### [Data section]
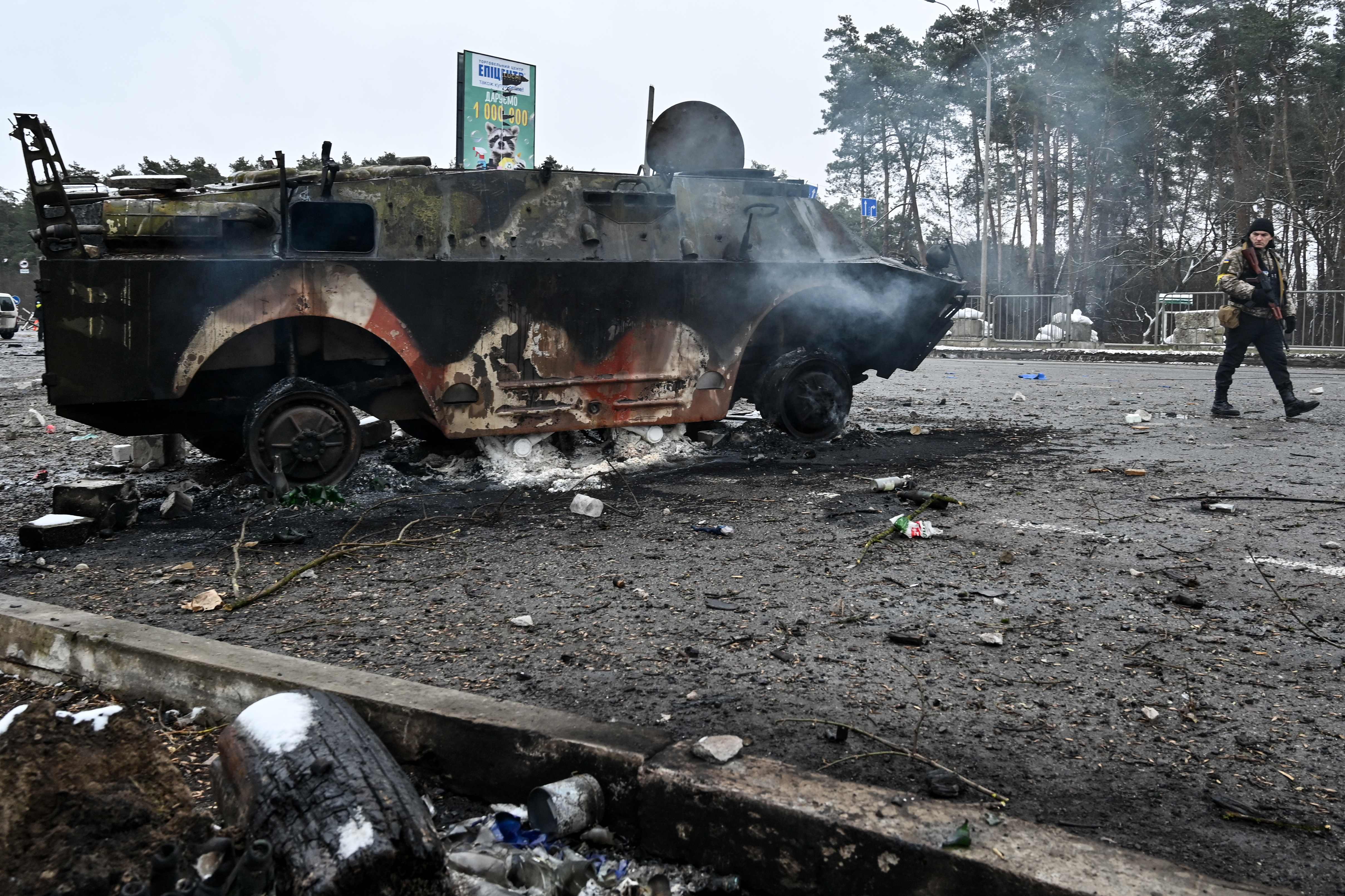 An armed man walks past a burned armoured personnel carrier at a check-point in the city of Brovary, outside Kyiv, on March 1, 2022.
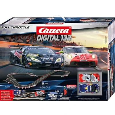 Ultimate racing experience: Carrera Digital 132 'Full Throttle' set offers realistic slot car racing on an 8 metre long track. With front, rear and brake lights for authentic driving pleasure Top racing cars: includes the Porsche 911 GT3 R Lionspeed GP No24 and the powerful Lamborghini Huracán GT3 Evo 2 Abt-Sportsline No27 EXTENDABLE TRACK: The track offers high-speed straights, tricky curves and a double turnout. It is expandable and thus offers endless possibilities for racing action WIRELESS CONTROL: with the wireless hand controllers you can control up to 6 cars at the same time. Ensures long driving pleasure without interruptions Suitable for all age groups: ideal for children aged 8 and up and adults. With a scale of 1:32, this set is perfect for racing lovers, Manufacturer: Carrera Revell Europe GmbH
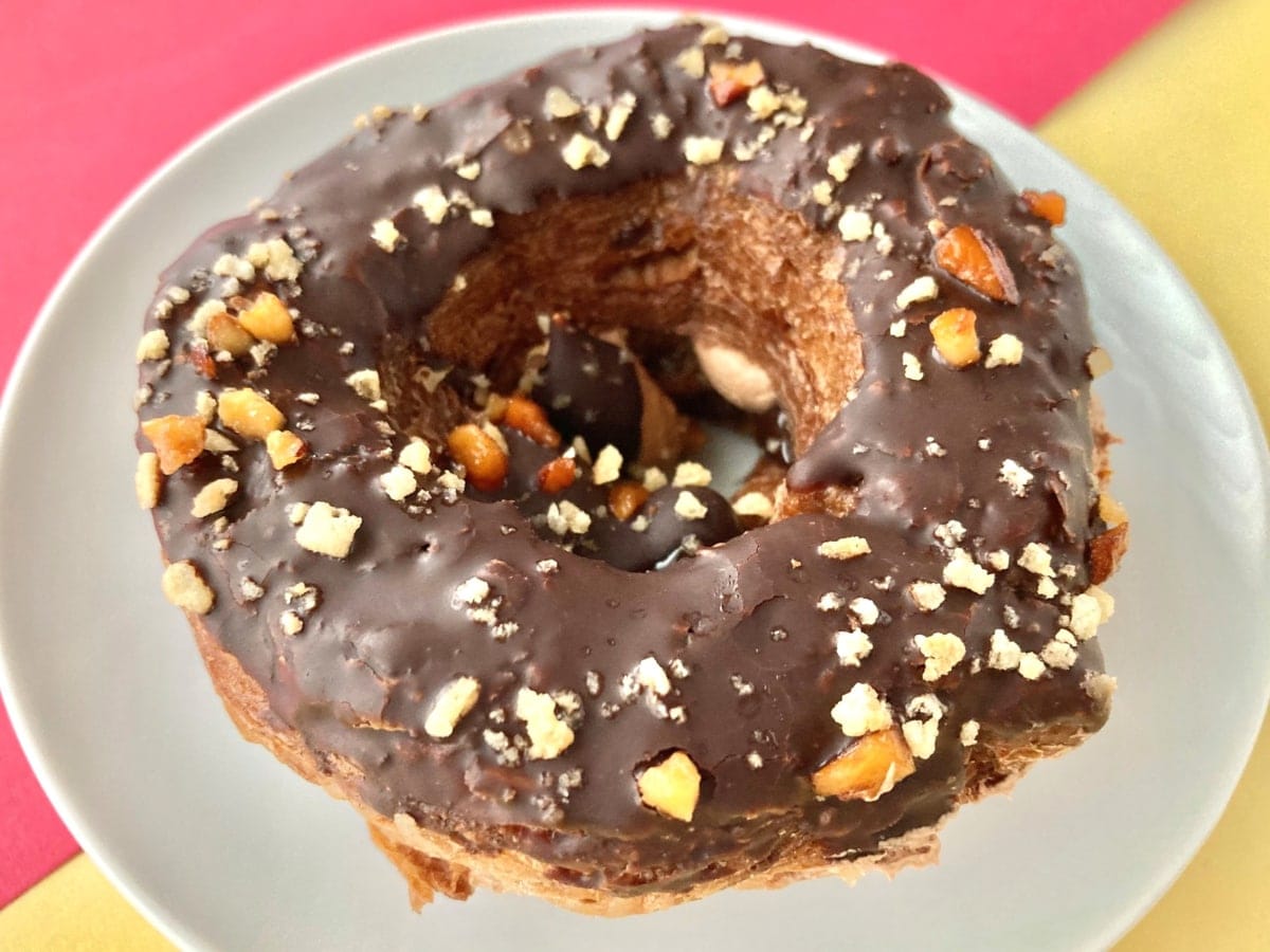 ナッツがたっぷりトッピングされたドーナツで、内側はチョコクリームがはみ出ています。生地はクロワッサンのようなジュワっと感があってくちどけもよく、食べやすくなっています。生地自体はビターな味わいで、甘さは控えめ。全体的に甘さのバランスや、クロワッサン生地・ナッツの食感が計算されており、クオリティの高さを感じました。ネット上では「めちゃくちゃ美味かった」「濃厚なのに軽い食感なのでペロリ」「クリーミーでとろーり濃厚」などの好評の声が多い様子でした。

### [Required action]
Please retype the listing above word for word, skipping each picture.

### [Answer section]
 An armed man walks past a burned armoured personnel carrier at a check-point in the city of Brovary, outside Kyiv, on March 1, 2022.
 Ultimate racing experience: Carrera Digital 132 'Full Throttle' set offers realistic slot car racing on an 8 metre long track. With front, rear and brake lights for authentic driving pleasure Top racing cars: includes the Porsche 911 GT3 R Lionspeed GP No24 and the powerful Lamborghini Huracán GT3 Evo 2 Abt-Sportsline No27 EXTENDABLE TRACK: The track offers high-speed straights, tricky curves and a double turnout. It is expandable and thus offers endless possibilities for racing action WIRELESS CONTROL: with the wireless hand controllers you can control up to 6 cars at the same time. Ensures long driving pleasure without interruptions Suitable for all age groups: ideal for children aged 8 and up and adults. With a scale of 1:32, this set is perfect for racing lovers, Manufacturer: Carrera Revell Europe GmbH
 ナッツがたっぷりトッピングされたドーナツで、内側はチョコクリームがはみ出ています。生地はクロワッサンのようなジュワっと感があってくちどけもよく、食べやすくなっています。生地自体はビターな味わいで、甘さは控えめ。全体的に甘さのバランスや、クロワッサン生地・ナッツの食感が計算されており、クオリティの高さを感じました。ネット上では「めちゃくちゃ美味かった」「濃厚なのに軽い食感なのでペロリ」「クリーミーでとろーり濃厚」などの好評の声が多い様子でした。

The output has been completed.